2 solo hero books (cap and devil)
1 spy book (cap)
2 vaugely X-themed books (c/d and exiles)
3 vaugely Avengers-Themed books (Cap((occasionely)), Thunderbolts, and YA)
1 EVENT!!! book (Nova)
mallet: Yeah, Exiles, X-Factor, Spider-Girl, Punisher, those are the titles that make me believe that Marvel will get the rest of their stuff turned around and up to that level.
It really seems like most of the big stuff is what's screwed up: Spider-Man, The Avengers, X-Men, no Thor, Hulk in space, etc.

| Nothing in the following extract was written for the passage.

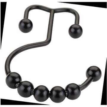 Show moreIntroducing the Metal Double Glide Shower Hooks Rings, the perfect blend of functionality and style for your bathroom. Crafted from high-quality rust-resistant stainless steel, these shower curtain rings are designed for enduring use, even in harsh environments. With a sleek matte black finish, these hooks add a touch of elegance to any bathroom decor, transforming your space into a sanctuary of relaxation and comfort. Our innovative free gliding action ensures that the rings slide effortlessly over any standard straight or curved shower curtain rod, minimizing friction and enhancing your shower experience.
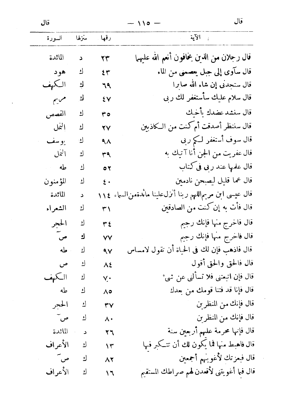 قال رجلان من الذين يخافون أنعم الله عليهما 23 د المائدة قال سآوي إلى جبل يعصمني من الماء 43 ك هود قال ستجدني إن شاء الله صابرا 69 ك الكهف قال سلام عليك سأستغفر لك ربي 47 ك مريم قال سنشد عضدك بأخيك 35 ك القصص قال سننظر أصدقت أم كنت من الكذبين 27 ك النمل قال سوف أستغفر لكم ربي 98 ك يوسف قال عفريت من الجن أنا آتيك به 39 ك النمل قال علمها عند ربي في كتاب 52 ك طه قال عما قليل ليصبحن نادمين 40 ك المؤمنون قال عيس ابن مريم اللهم ربنا أنزل علينا مائدة من السماء 114 د المائدة قال فأت به إن كنت من الصادقين 31 ك الشعراء

I don't know if that means something, but it feels like it should.
I wrote my last comment while under the spell of a migraine, and it seemed a bit...well, what's the nice way to put it ... redundant.
Anyway, let's try again!
There's nothing wrong in buying Marvel if you still enjoy it. My problem was that old favorites like Spider-Man and FF were practically unreadable while also-rans like Darkhawk were slated to be "re-imagined" by Alan Moore.
(Just kidding, but you get my gist...)
It's almost like the company is afraid to buck trends with their icons, so the creativity is left to books few will notice.
Not exactly the House of Ideas I grew up with.